(NOTE: work on this hasn't started yet!)
LipSphinx is a web-based lipsync data editor / phoneme recognition and alignment tool built on pocketsphinx-js, designed for use for video games. It is a free open source multiplatform alternative to all the existing tools that rely on proprietary APIs (e.g. Microsoft SAPI) and it runs entirely in your browser. With the data generated by LipSphinx, you must make your own parser for your game engine that translates the phoneme timings into your characters' mouth movements or blendshape weights. A Unity3D plug-in is provided.

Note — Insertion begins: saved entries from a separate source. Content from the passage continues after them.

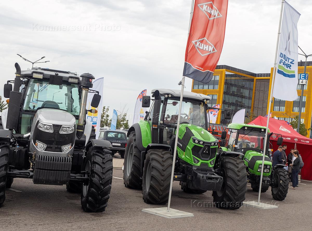 Международная агропромышленная выставка "Агрорусь-2023" в конгрессно-выставочном центре "Экспофорум". Жанровая фотография. Сельскохозяйственная техника на выставке.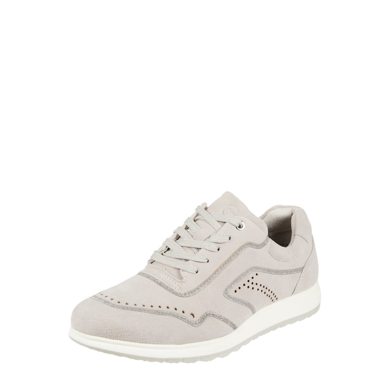 Sneakersy damskie Tamaris, Skóra welurowa, Zaokrąglony kształt, Sznurowanie, Obszycie w kontrastowym kolorze z błyszczącym efektem, Gumowa podeszwa, Wysokość podeszwy w rozmiarze 39: 2,5 cm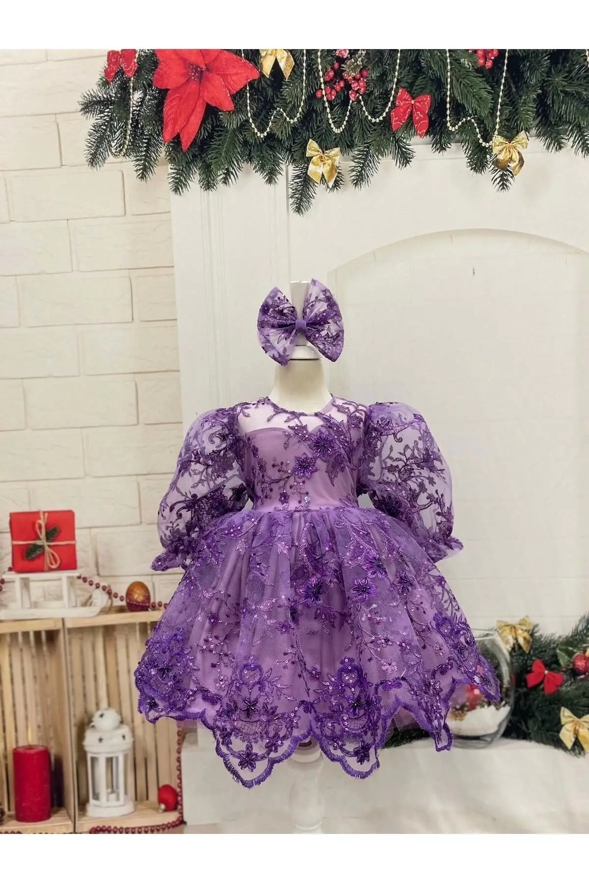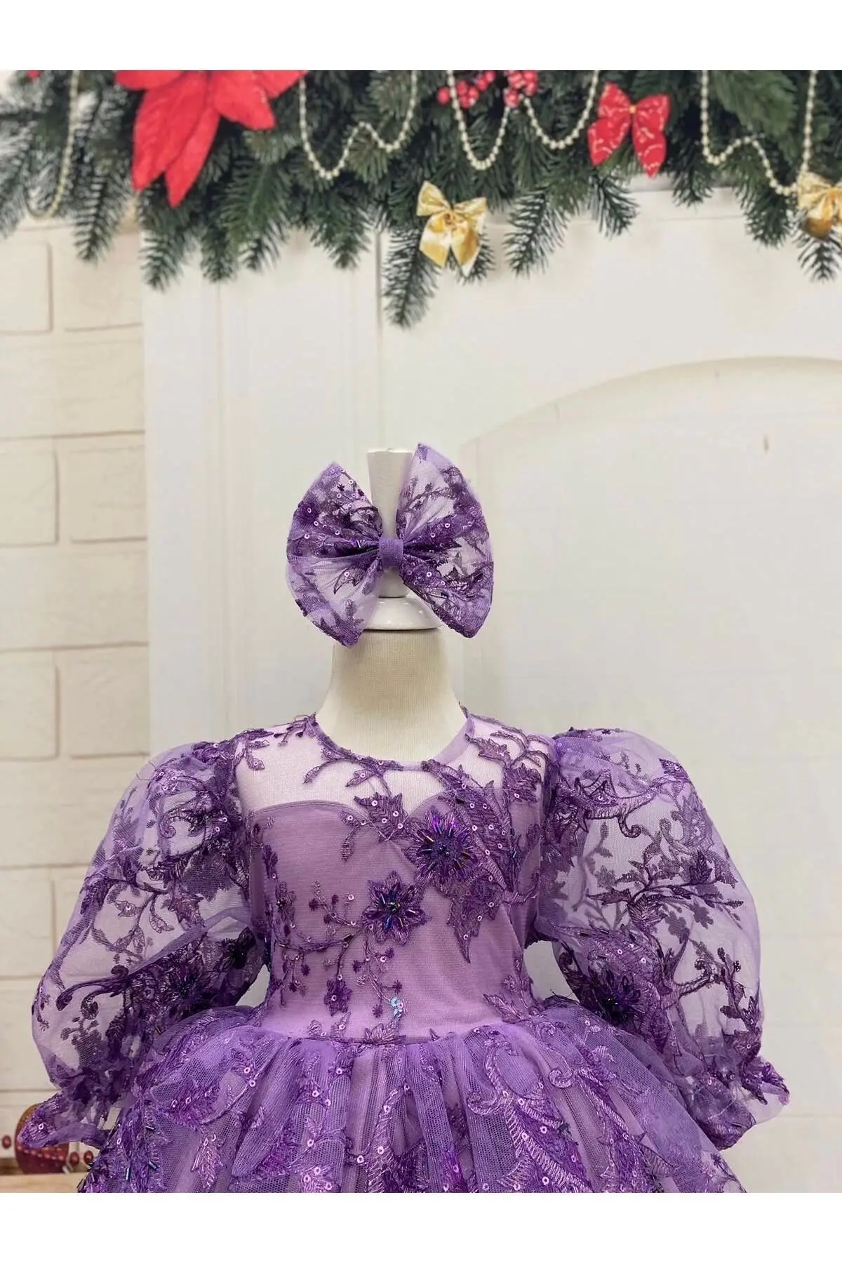 Lila Uzun Kollu Işıltılı Fiyonklu Kız Çocuk Abiye Elbise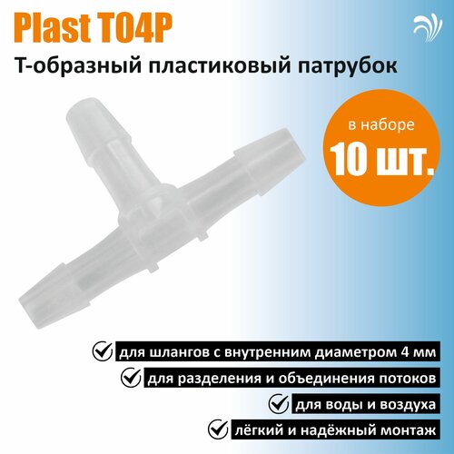 Krelong Plast T04P - тройник, T-образный пластиковый патрубок для соединения шлангов с внутренним диаметром 4мм, набор 10 штук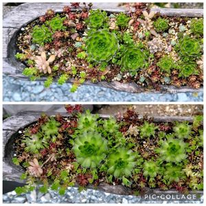 ①後ろの🩷は👵のサイデリア。こんなに立派に復活しました🙌。ヤッタネ ②てっきりセンペルだと思っていたけど、よくよく思い出すとツメレンゲだったかも?それとも両方混ざってるのかも🤔?…のミニ鉢、とにかく可愛くなってきた🎵 ③寄せ植えにした2年目のビデンス(右端)は新しい葉が出てるのに… ④こっちのローダンセマム2株は枯れ木?切りすぎたのかな? 綺麗な花を咲かせてくれたのに、もうあかんのかも😮💨と思いつつ、もう少しだけねばってみる。 ⑤気高き✨️クリローさん、まだ頑張ってます😊。 さて、これから本格☔️降り予報。降れ〜降れ〜たくさん🌧️!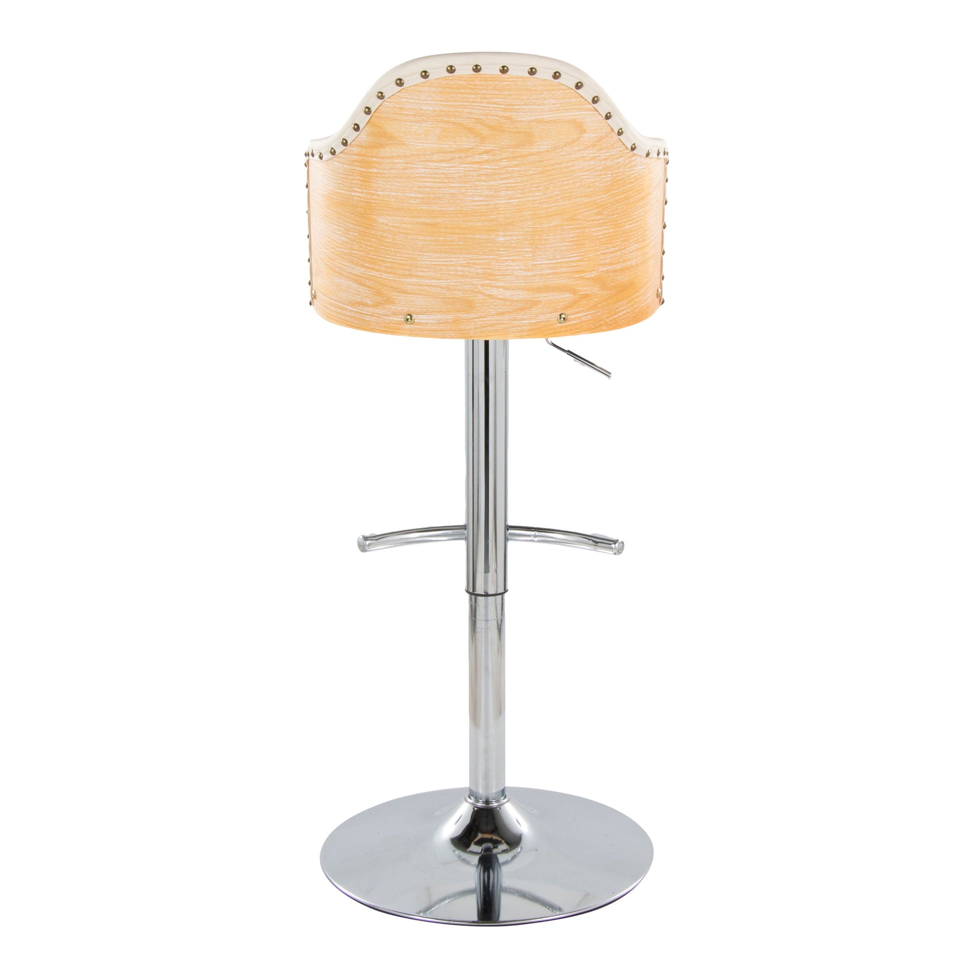 Ahoy - Contemporary Adjustable Barstool With Swivel With Rounded T Footrest (Set of 2) - Chrome / Natural / Cream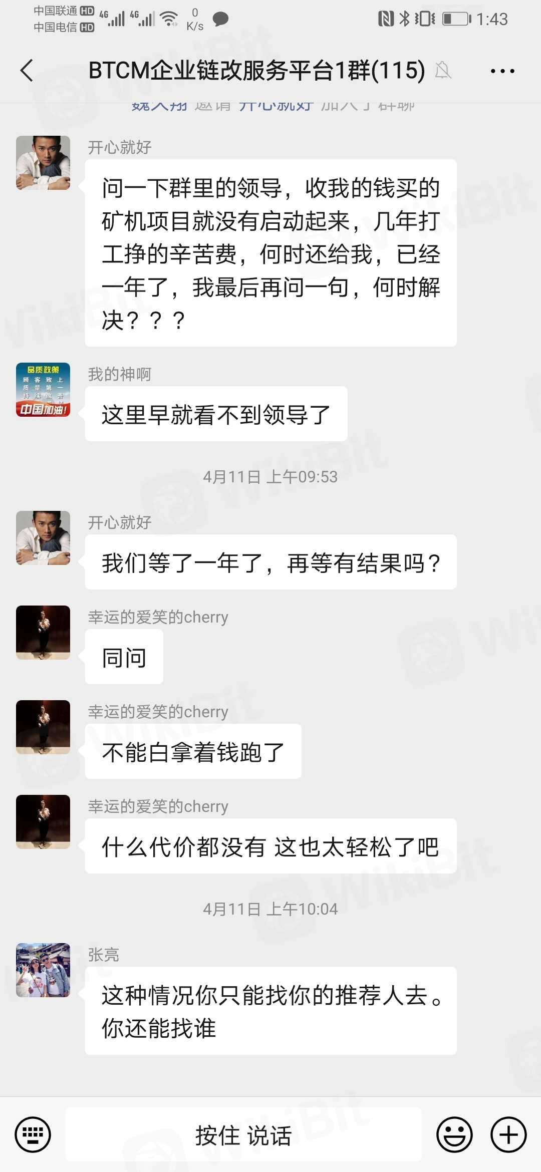 BTCM比特共识2020年10月上线,在之前几个月售卖出1万多台挖BTCM的虚拟,矿机上架后上了两个交易所,阿波罗交易所和BTCMAX交易所,然后项目方失踪。卷钱去矿金所买了几千T的FIL矿机,至今无音讯。币价已经归零,大家都准备集体报案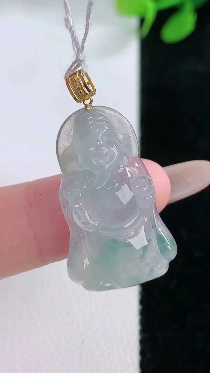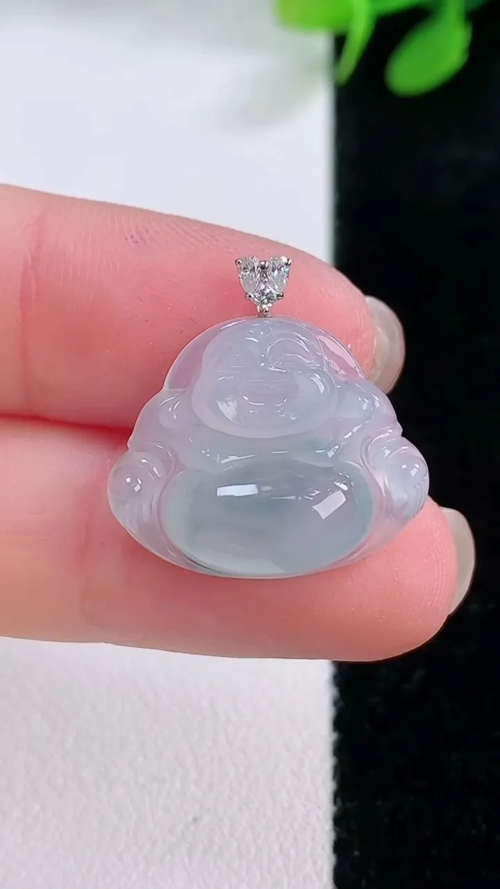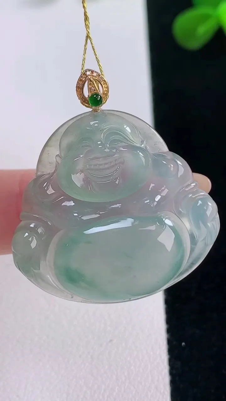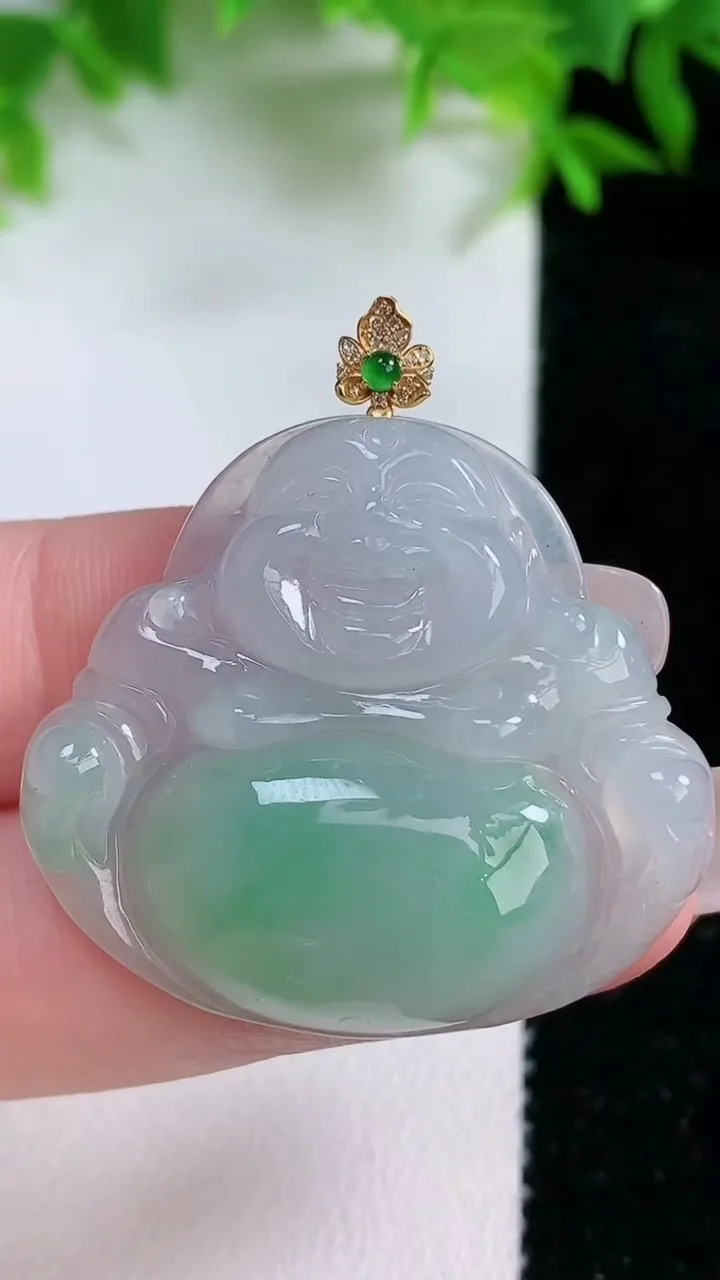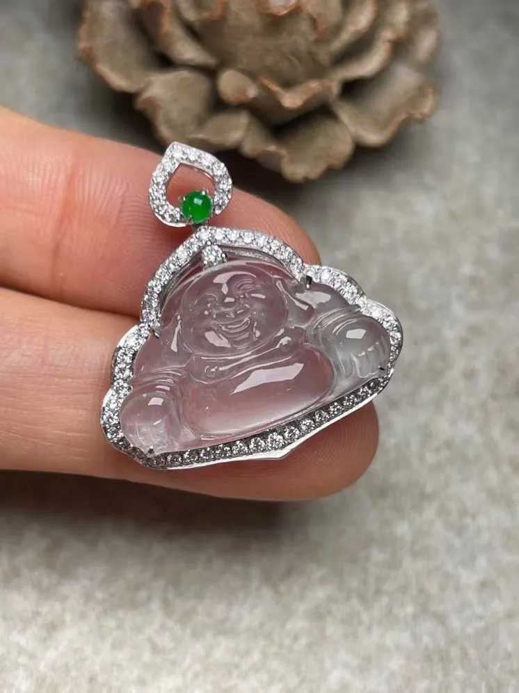 翡翠淡紫笑佛吊坠【0元助力】640903666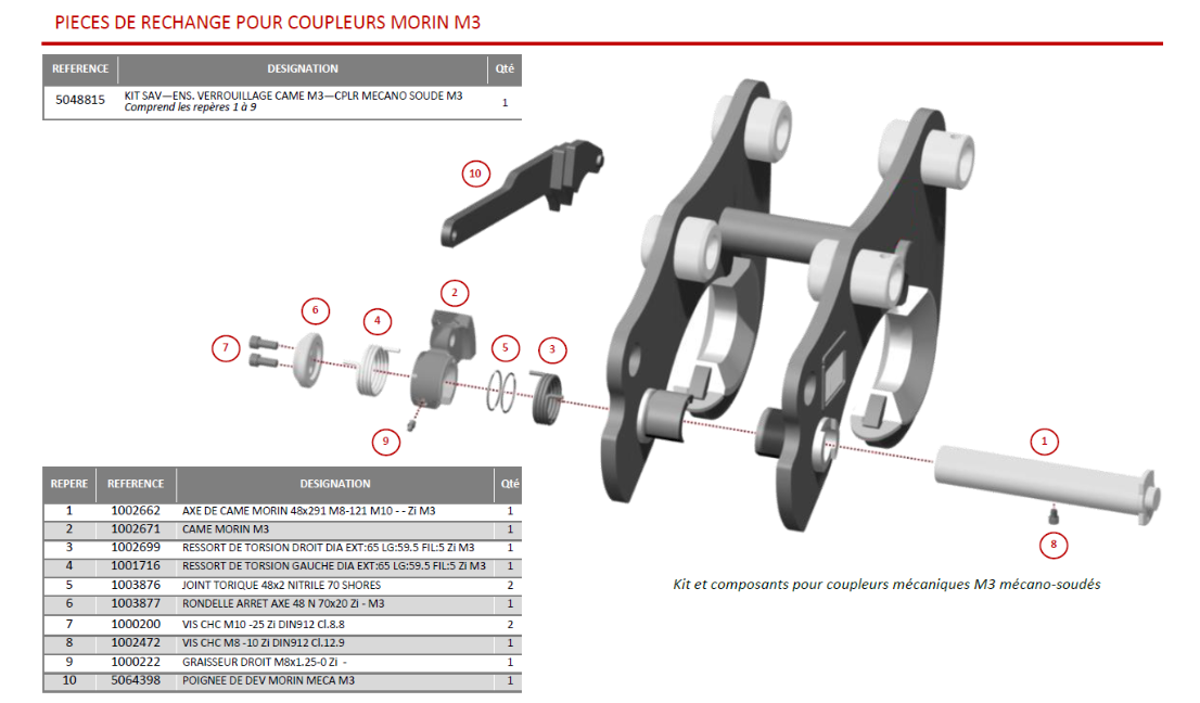 Kit entretien coupleur Morin Retromatic Module 3 qui permet la remise en état de votre attache rapide ACB Morin Retromatic Module 3, coupleur des godets de la mini pelle.
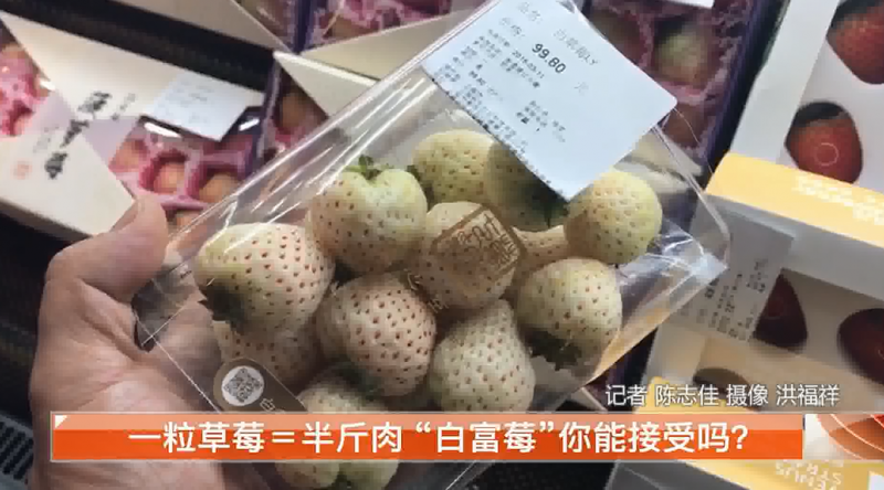 在蘇州(zhou)園(yuan)區的這家超(chao)市里,專柜(ju)上擺(bai)放著這(zhe)樣的白色,通體發白,帶著淡淡的粉(fen),看上去有點不尋常,更是賣到了(le)7塊錢(qian)一粒。而一旁,還有更貴的(de),這(zhe)盒草(cao)莓個頭(tou)稍大(da),11顆價(jia)格近100元,每顆草(cao)莓算下(xia)來(lai)要(yao)9塊錢(qian)。而這(zhe)些(xie)正(zheng)是最近紅遍(bian)朋友圈的(de)白色草(cao)莓,人稱“白富莓”。

You can run this online or offline on your own webserver, or use the live demo hosted on GitHub here: LINK
-
An actual need for lipsync data. Lipsync doesn't add that much to your game. Plenty of older games used simpler methods -- Knights of the Old Republic used pre-animated mouth movements, and Half-Life 1 lowered an NPC's jaw based simply on the volume of the sound, and both worked well enough.
-
"Final" voice-over audio files. Do not waste time baking lipsync data for placeholder audio you will discared later. Machine phoneme recognition is an inherently error-laden process; we use audio recognition software simply to generate a base to work from, it takes a lot of manual adjustment to get good results.
-
A lipsync data parser for your game. This tool only generates phoneme timing data. It is up to you how to translate that into your game and/or character animations. Ideally, you would map a mouth position / blendshape for each phoneme.